A similar story can be seen with Brazilian routes, with 17,977 updates in this period with 172 extended withdrawals.
It is evident that a small scale disruption of some 80 routes occurred from 8pm ET that were restored by midnight, and a smaller scale disruption of some 40 routes 3 hours later at 3am ET that were restored one hour later, but, as with the Russian origin routes there was no visible extended outage of a large set of Brazilian routes.
Again we can look at the time distribution of extended outages of Brazilian routes, were the withdrawn prefix was not restored during the 14 hour period of the storm's landfall. Once more there is no sharp peak of withdrawals observed for this collection of routes (Figure 9).
What can we conclude here?

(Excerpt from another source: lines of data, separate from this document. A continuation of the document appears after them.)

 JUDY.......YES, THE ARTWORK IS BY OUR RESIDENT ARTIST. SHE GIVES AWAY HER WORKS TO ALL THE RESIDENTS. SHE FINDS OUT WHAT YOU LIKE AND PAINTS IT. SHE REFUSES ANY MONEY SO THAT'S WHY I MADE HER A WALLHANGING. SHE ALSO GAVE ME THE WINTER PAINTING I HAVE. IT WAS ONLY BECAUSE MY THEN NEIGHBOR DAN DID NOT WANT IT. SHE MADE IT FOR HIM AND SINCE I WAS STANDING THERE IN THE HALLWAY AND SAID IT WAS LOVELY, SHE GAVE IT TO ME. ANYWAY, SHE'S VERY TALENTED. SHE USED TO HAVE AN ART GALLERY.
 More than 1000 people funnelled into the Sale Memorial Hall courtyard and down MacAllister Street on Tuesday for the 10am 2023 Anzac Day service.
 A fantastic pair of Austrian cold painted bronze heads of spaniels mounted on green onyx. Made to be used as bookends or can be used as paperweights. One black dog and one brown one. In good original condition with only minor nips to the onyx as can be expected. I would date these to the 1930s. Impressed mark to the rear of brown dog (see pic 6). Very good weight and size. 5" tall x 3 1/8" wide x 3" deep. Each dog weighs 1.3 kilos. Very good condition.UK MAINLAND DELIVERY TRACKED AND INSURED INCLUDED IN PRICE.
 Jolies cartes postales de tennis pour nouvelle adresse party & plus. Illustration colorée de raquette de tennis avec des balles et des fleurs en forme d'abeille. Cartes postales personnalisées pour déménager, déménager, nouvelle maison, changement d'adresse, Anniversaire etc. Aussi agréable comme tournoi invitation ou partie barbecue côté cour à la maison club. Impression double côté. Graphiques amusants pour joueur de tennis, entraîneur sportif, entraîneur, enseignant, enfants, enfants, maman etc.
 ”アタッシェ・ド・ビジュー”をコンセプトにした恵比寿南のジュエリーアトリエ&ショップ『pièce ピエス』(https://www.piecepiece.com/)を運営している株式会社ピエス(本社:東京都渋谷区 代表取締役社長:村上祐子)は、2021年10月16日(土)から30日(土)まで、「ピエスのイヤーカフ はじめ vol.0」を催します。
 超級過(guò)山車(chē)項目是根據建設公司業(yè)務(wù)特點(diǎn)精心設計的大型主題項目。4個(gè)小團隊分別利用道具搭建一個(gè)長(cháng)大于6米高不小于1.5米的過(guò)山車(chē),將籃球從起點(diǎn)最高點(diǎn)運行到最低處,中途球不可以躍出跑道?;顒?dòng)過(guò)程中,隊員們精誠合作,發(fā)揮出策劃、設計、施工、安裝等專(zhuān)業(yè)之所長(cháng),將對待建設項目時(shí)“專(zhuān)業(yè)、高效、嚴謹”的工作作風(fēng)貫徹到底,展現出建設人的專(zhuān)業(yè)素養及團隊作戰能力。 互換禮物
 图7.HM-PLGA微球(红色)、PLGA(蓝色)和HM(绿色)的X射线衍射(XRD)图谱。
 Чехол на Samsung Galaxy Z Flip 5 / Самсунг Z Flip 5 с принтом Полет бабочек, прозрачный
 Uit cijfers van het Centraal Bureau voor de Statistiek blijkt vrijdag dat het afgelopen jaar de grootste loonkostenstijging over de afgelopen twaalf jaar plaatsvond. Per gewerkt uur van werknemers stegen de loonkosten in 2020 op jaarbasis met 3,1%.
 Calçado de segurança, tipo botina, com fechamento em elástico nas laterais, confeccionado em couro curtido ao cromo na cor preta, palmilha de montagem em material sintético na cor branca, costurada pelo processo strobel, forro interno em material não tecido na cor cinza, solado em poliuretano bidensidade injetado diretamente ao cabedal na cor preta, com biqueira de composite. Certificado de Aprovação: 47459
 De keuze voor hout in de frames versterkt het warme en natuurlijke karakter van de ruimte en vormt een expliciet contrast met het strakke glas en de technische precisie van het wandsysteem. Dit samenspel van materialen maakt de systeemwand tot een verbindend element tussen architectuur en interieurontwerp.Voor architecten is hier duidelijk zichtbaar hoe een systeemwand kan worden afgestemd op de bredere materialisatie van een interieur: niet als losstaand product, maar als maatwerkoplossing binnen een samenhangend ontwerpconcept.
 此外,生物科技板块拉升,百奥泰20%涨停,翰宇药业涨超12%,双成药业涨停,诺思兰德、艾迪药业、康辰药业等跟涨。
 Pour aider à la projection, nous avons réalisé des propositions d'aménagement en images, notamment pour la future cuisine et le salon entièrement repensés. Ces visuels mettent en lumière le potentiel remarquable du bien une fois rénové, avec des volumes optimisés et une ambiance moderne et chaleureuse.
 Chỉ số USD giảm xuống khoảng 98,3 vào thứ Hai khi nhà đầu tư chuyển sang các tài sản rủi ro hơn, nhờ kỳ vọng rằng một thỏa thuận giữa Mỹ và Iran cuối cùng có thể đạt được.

While the effects on Sandy on the network infrastructure in the United States, and the North East in particular, were very severe, the effects on the global Internet were far more subdued. The trans-Atlantic cable systems that surface in this area of the US were largely unscathed by this storm, as were the related trunk switching and transmission plant. We did see some disturbances in a number of routes, but the global Internet managed to live up to its name and route around much of the local damage, and the impact on global connectivity looks to have been relatively minor and short lived. As long as the underlying network connectivity mesh is sufficiently dense the Internet can indeed "route around damage".